Find "На уроках здоров’я" in the entries below; copy that line through the last, exactly, with no pictures.

<<<<

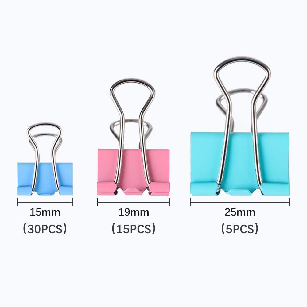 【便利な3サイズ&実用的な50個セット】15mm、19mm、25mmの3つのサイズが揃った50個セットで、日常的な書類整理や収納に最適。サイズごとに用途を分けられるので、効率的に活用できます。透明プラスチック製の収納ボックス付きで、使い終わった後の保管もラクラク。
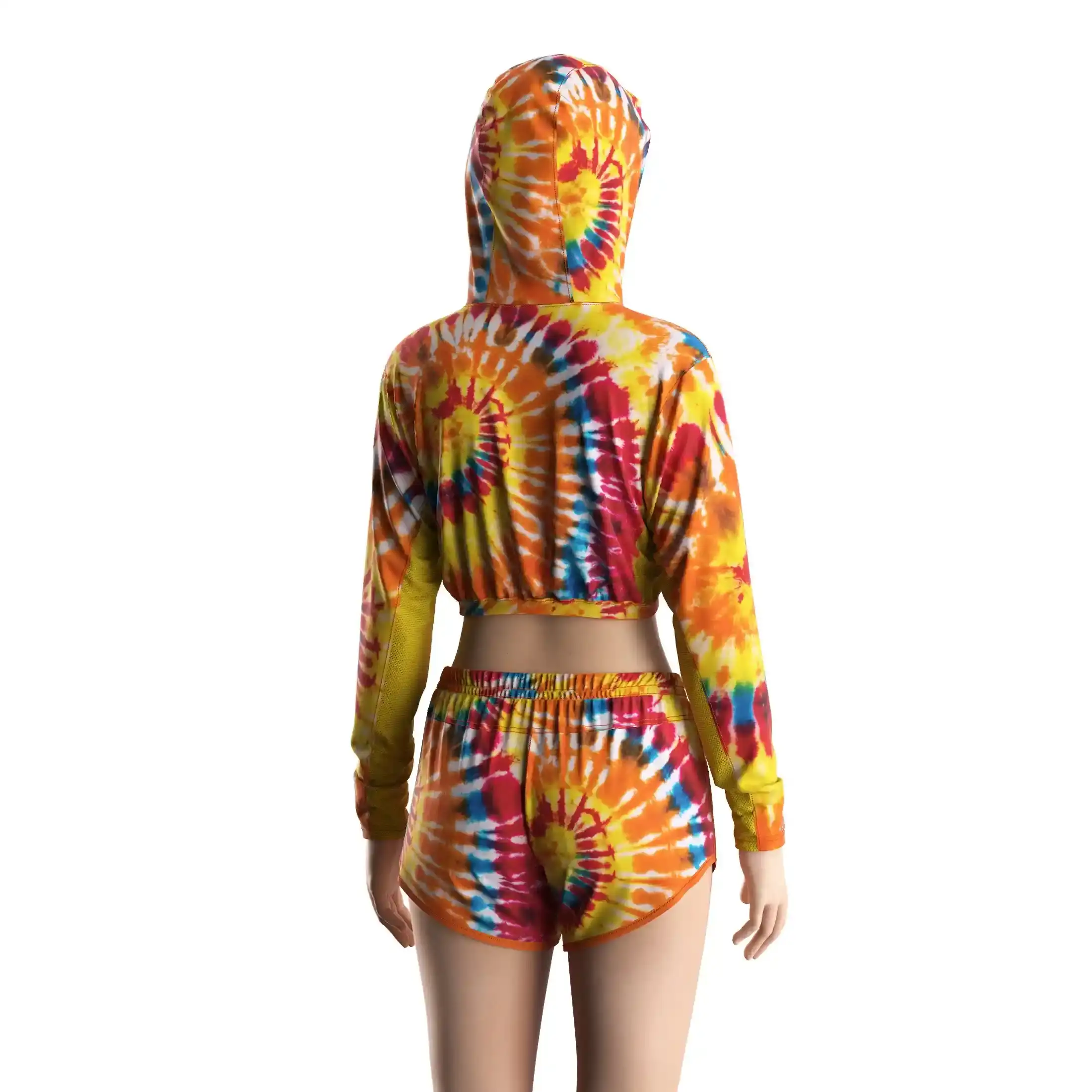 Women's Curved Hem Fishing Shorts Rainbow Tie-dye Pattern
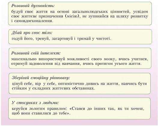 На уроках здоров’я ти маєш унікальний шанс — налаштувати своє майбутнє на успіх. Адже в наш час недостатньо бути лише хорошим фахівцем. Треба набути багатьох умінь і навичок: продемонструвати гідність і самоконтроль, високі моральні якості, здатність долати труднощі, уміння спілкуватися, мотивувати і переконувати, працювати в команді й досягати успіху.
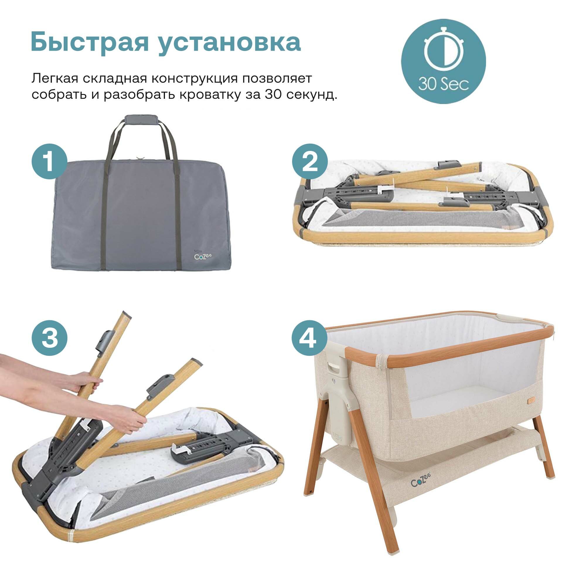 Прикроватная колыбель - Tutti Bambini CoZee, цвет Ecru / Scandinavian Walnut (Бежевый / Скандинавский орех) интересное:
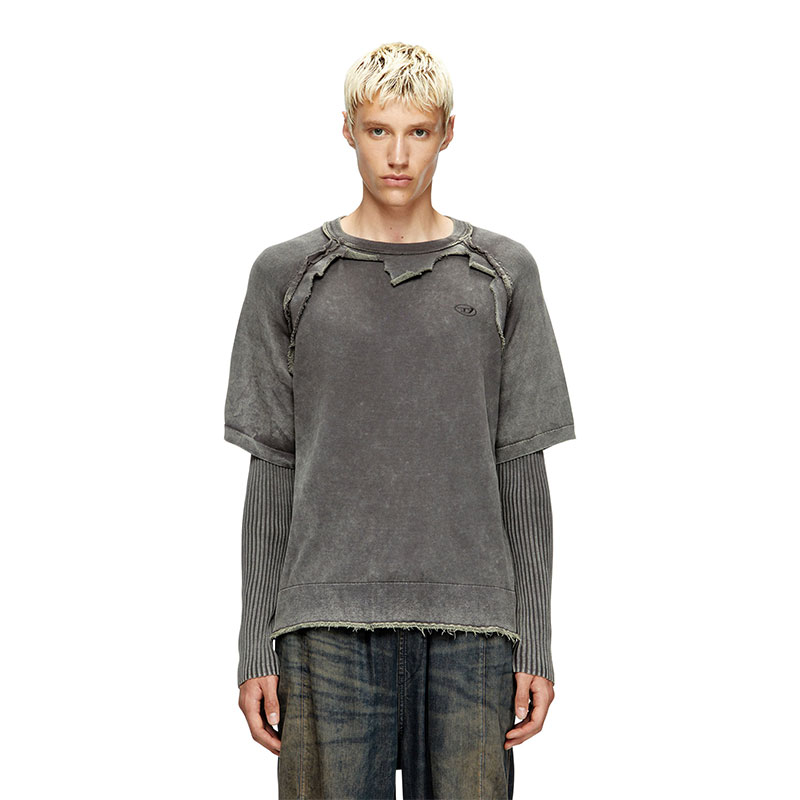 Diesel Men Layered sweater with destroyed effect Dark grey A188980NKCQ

>>>>

- _TASK RESPONSE_
 На уроках здоров’я ти маєш унікальний шанс — налаштувати своє майбутнє на успіх. Адже в наш час недостатньо бути лише хорошим фахівцем. Треба набути багатьох умінь і навичок: продемонструвати гідність і самоконтроль, високі моральні якості, здатність долати труднощі, уміння спілкуватися, мотивувати і переконувати, працювати в команді й досягати успіху.
 Прикроватная колыбель - Tutti Bambini CoZee, цвет Ecru / Scandinavian Walnut (Бежевый / Скандинавский орех) интересное:
 Diesel Men Layered sweater with destroyed effect Dark grey A188980NKCQ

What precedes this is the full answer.